- The client was able to achieve savings of approximately $500K year-on-year by replacing their off-the-shelf model with a customized solution.
- The new model offered increased accuracy by 5–8% in comparison with the previous model.
- Customized solutions for 40+ categories were rolled out in a span of two months, speedily optimizing forecasts across geographies and product lines.
A multinational personal care brand based in North America wanted to generate long-term forecasts for 30+ categories of products across their US and Canada geographies. They wanted to replace their previous off-the-shelf forecasting tool, a black box model offering limited control over customization, with a model that would be transparent, customizable, intuitive, and which would better integrate business judgments and technical outputs. The business also wanted to examine the impact of COVID-19 on their sales and incorporate the data into their long-term category forecasts.
In addition, they wanted to build an advanced analytics tool that could address the following key questions:
Long-term Forecasts: What are the base forecasts for the next five years?
Driver Analysis: What factors drive changes in demand each year and how can assumptions regarding these drivers be made more accurate?
Simulation Dashboard: How can forecast dashboards incorporate individual judgement and simulations be created based on each input by a category manager/business executive?
TheMathCompany interviewed 15+ stakeholders and undertook extensive market research to identify all the factors influencing categories and their estimated impact. A customized product prototype was built to meet the client’s specific needs, and a top-down approach was employed to ensure the elimination of bias on data available. The impact of COVID-19 was accounted for in the model, and the magnitude and trend of the forecasts of all drivers, volume, and price were fine-tuned. The weightage of each driver on volume was accurately aligned with business expectations.
The following functionalities were incorporated into the forecasting model after extensive interviews with category managers and business executives to ensure comprehensive customization:
1) Long-term Forecasts: The base demand forecasts that were to be included in the model were carefully considered and finalized after extensive research, with 6–7 different criteria selected.
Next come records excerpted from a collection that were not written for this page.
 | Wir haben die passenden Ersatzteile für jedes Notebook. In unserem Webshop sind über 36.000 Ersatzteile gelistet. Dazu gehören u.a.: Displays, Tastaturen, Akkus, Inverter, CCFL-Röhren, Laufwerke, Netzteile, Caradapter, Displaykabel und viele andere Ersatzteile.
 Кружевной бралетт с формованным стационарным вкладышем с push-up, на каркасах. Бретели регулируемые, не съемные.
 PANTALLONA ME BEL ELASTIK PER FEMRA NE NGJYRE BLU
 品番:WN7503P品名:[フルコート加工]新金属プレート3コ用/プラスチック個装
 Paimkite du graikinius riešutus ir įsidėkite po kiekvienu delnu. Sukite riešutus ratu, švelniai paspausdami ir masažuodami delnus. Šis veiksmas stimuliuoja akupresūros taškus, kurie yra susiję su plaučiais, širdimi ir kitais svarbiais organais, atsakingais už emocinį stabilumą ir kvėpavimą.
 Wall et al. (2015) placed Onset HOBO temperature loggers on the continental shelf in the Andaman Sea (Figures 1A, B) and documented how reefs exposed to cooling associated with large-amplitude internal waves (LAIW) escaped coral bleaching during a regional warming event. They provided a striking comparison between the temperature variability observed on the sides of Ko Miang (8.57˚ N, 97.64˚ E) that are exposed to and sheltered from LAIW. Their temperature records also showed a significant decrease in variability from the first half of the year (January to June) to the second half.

The dashboard allowed for the generation of forecasts for the next five years.
2) Driver Analysis: The factors impacting and potentially driving changes in demand for each year were accounted for in the model, with drivers and their weightage optimized and aligned with specific business needs.
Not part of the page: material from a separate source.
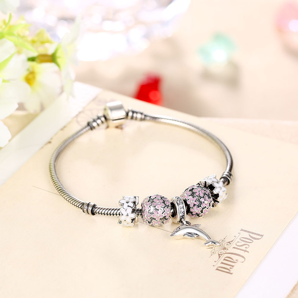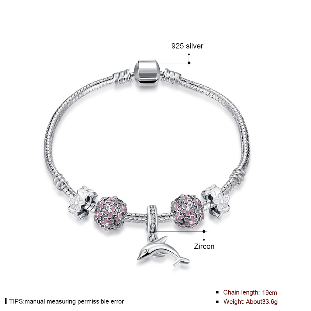 A fashionable 925 silver charm bracelets with silver enameled beads and setting with some AAA CZ zircon stones. Vivid dolphin makes this silver bracelets more lovely and beautiful.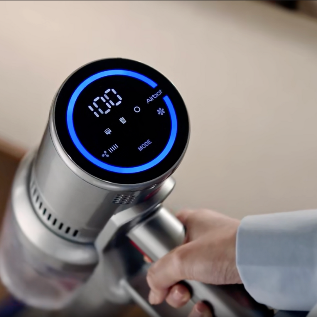 Skift tilstande med et tryk og få tydelig status på batteri og rengøring – uden gætteri.

3) Simulation Dashboard: After considering several approaches for the simulations and building multiple customized prototypes, the final forecasting tool was custom made, with managers having the ability to input their own data and judgements into the intuitive, easy-to-use dashboard to generate long-term forecasts. These forecasts also accounted for the disruptions of the pandemic, making them highly relevant to the current business context.
The category planning and forecasting tool allowed the business to generate accurate long-term forecasts and optimize savings. This tool is scalable across geographies, with the nuances of different demographics, markets, and industries accounted for, and can be deployed across multiple product hierarchies for the business as well.